Adam T Craig et al. PLoS One. .

Abstract

Background: Lymphatic filariasis (LF), a mosquito-borne parasitic disease caused by three species of filarial worms, was first detected in Niue, a small Pacific Island nation of approximately 1,600 people, in 1954. After extensive efforts involving multiple rounds of Mass Drug Administration, Niue was validated by the World Health Organization (WHO) as having e4liminated LF as a public health problem in 2016. However, no surveillance has been conducted since validation to confirm infection rates have remained below WHO's elimination threshold. WHO has encouraged an integrated approach to disease surveillance and integrating LF post-validation surveillance (PVS) with existing surveys is an anticipated recommendation of the upcoming WHO LF-PVS guidelines. This paper describes a protocol for the implementation of an integrated approach to LF-PVS in Niue as cost-efficient and operationally feasible means of monitoring the disease in the population.
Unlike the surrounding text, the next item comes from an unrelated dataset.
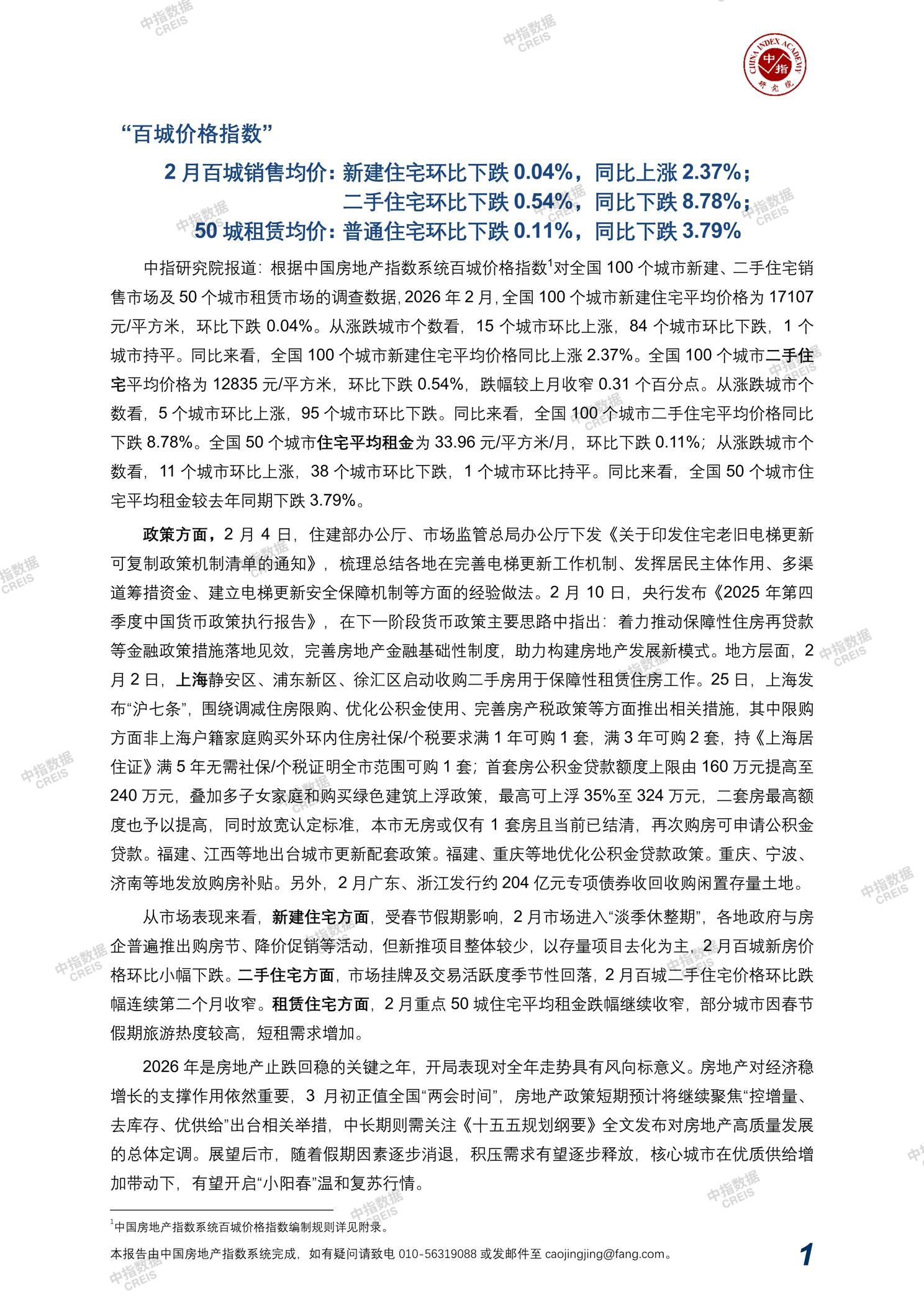 中国房地产指数系统百城价格指数报告(2026年2月)
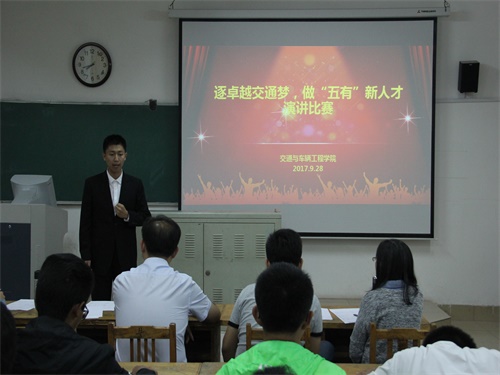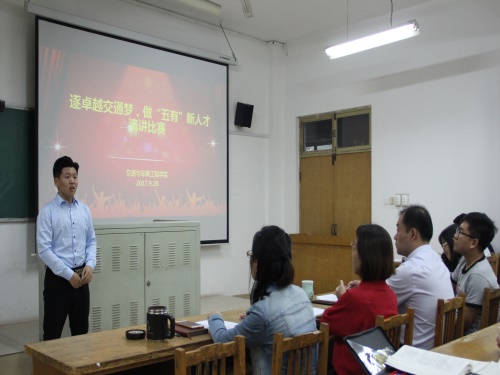 为贯彻落实公司“一精神”“一规划”的部署,提升公司“素质教育”平台育人成果,引导员工将“五有”人才标准作为自身的发展目标,展示公司员工良好的精神风貌,并检验公司“5个一”素质提升计划的实施效果,9月28日晚,公司于12号教学楼211教室举办了“逐卓越交通梦,做‘五有’新人才”主题演讲比赛。此次比赛由院员工会素质拓展部承办,公司团总支书记、员工工作办公室主任高萌及辅导员尹晓盛,侯娟,国睿,周燕燕出席并担任评委,部分16级同学参加此次比赛。

Methods: The LF-PVS will be implemented as part of a planned national population-based WHO STEPwise approach to non-communicable disease (NCD) risk factor surveillance (STEPS) in Niue. Integration between the LF-PVS and STEPS will occur at multiple points, including during pre-survey community awareness raising and engagement, when obtaining informed consent, during the collection of demographics, risk factor, and location data, and when collecting finger-prick blood samples (for glucose as part of the STEPS survey and LF as part of the LF-PVS). The primary outcome measure for LF transmission will be antigen positivity. Microfilaria slides will be prepared for any antigen-positive cases. Dried blood spots will be prepared for all participants for Multiplex Bead Assays-based analysis to detect anti-filarial antibodies. We estimate a total sample size of 1,062 participants aged 15-69, representing approximately 66% of the population.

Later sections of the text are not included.